Antes que nada, feliz 2019 a todos. Que se cumplan vuestros deseos y el nuevo año os depare vida, alegría y mucha ilusión. Se nos va un 2018 movido, que ha estado repleto de marcha. El balance a nivel Barça no es malo, pero podría haber sido mucho mejor.

Para la mayoría de los culés hay una fecha marcada en rojo: el fatídico 10 de abril de 2018. Una mala tarde en que los de Valverde cayeron contra la Roma (3-0) y dijeron adiós a una Champions que tenía muy buena pinta. La eliminación en el Olímpico dolió más al ver que el Real Madrid se coronaba campeón de Europa por tercer año consecutivo.

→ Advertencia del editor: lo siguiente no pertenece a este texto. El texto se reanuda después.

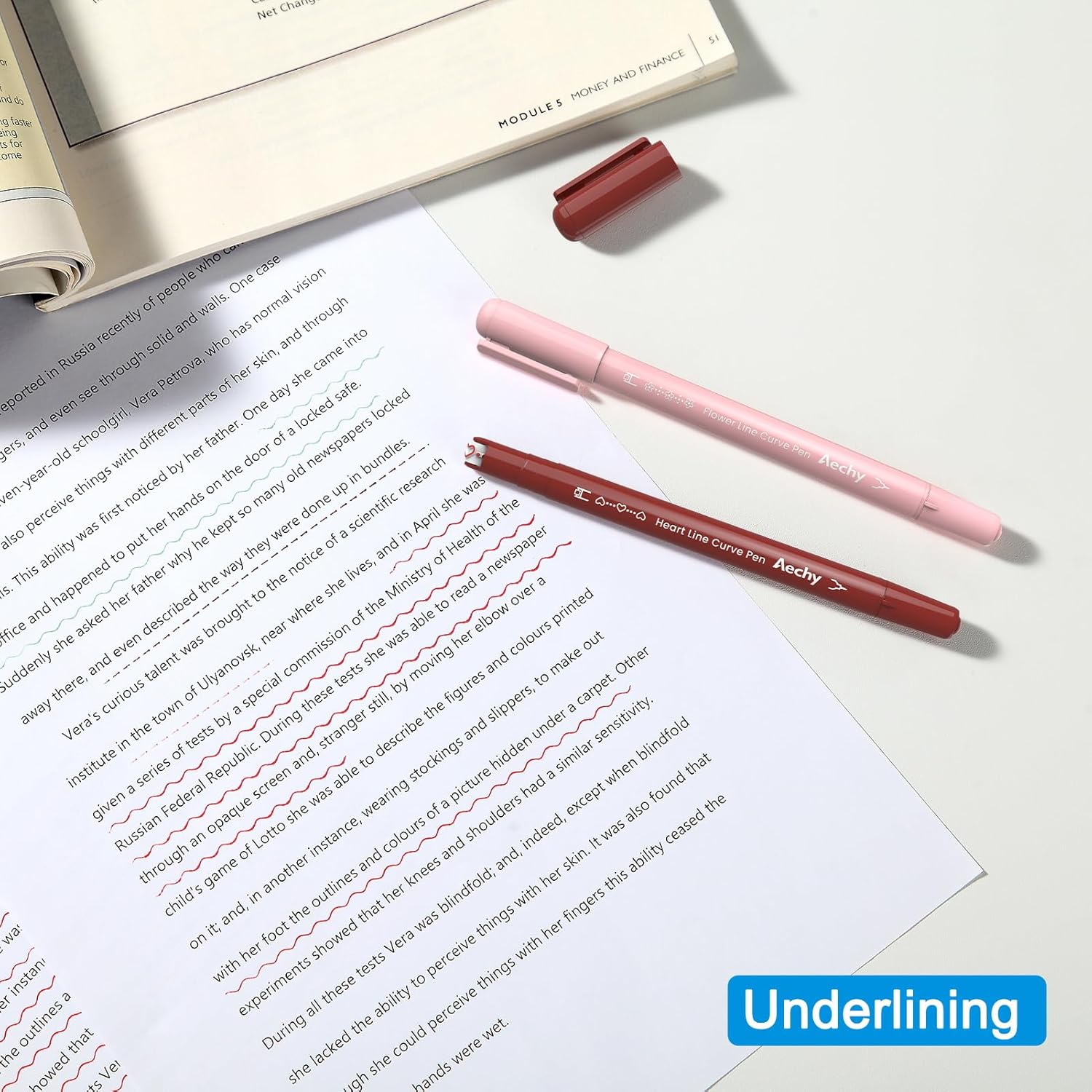 AECHY Colored Curve Highlighter Pens Set - 8 Different Shapes & 8 Colors Fine Tips for Writing, Journaling, Note Taking, Drawing, Scrapbook Art, School Supplies (Classic)

Si bien podría decirse que el primer curso con Valverde en el banquillo fue prácticamente excelente –los otros puntos negros fueron el batacazo contra el Madrid en la Supercopa de España y la derrota contra el Levante que frustró una temporada completa invictos–, aquella aciaga noche rebaja la nota final. Fue muy dura para el barcelonismo. De las que duelen.

Más allá del ámbito deportivo y de las dudas que en ocasiones genera el estilo conservador del Txingurri en sus planteamientos, 2018 también ha sido un año triste por la pérdida de algunas personalidades notorias del barcelonismo. Murió en febrero el mítico y entrañable Quini, falleció en junio Zaldúa –vigésimo máximo goleador en la historia del club– y más recientemente –el 3 de diciembre– el popular y longevo presidente José Luis Núñez.

Desvinculado del club desde principios del Siglo XXI –dejó el cargo en el 2000, pero su mano derecha, Joan Gaspart, presidió la entidad hasta 2003–, no ha tenido un papel significativo en la historia más reciente del Barça. Sin embargo, a veces da la sensación de que todavía perdura una cruda división que se forjó en su mandato: el nuñismo contra el cruyffismo.

El cataclismo se produjo en 1996, durante una tensa reunión que empezó con discusiones, siguió con insultos y terminó con sillas volando por los aires. Cruyff fue despedido como entrenador del FC Barcelona y el barcelonismo forjado en los triunfos del Dream Team quedó partido.

Cruyff y Núñez simbolizaron, cada uno a su manera, el éxito de aquella etapa dorada. Ambos fueron responsables de los hitos conquistados. Hoy, los dos están muertos –el magnífico Johan perdió la vida víctima del cáncer el pasado 24 de marzo de 2016–, pero el barcelonismo sigue vivo y coleando. Es imperecedero.  

Joan Laporta y Sandro Rosell tomaron de algún modo el relevo de aquella guerra, más de egos que otra cosa. El laportismo contra el rosellismo, dos corrientes que por suerte van a menos gracias a la pérdida de protagonismo de los dos expresidentes.

El primero, a la sombra, vuelve a sonar vagamente como presidenciable de cara a 2021 pero desde su entorno le recomiendan que no cometa más locuras. El segundo, entre rejas, está acusado de la comisión de un supuesto delito de blanqueo de capitales y lleva más de un año en prisión provisional sin ser juzgado.

El actual presidente del Barça, Josep María Bartomeu, trata de poner algo de cordura en todo este embrollo. Pese a ser íntimo de Rosell y estar obcecado en su defensa personal, Barto ha sabido tender puentes para unir tanta desunión. Especialmente con la familia de Cruyff, a través de su hijo Jordi.

Criticado, a veces en demasía por un entorno culé siempre inconformista, es obvio que hay aspectos mejorables del mandato de Bartomeu. Sin embargo, hay que reconocer los esfuerzos por curar y cicatrizar las heridas del pasado con el único y necesario fin de hacer más fuerte al barcelonismo. Como decía Fuenteovejuna, todos a una.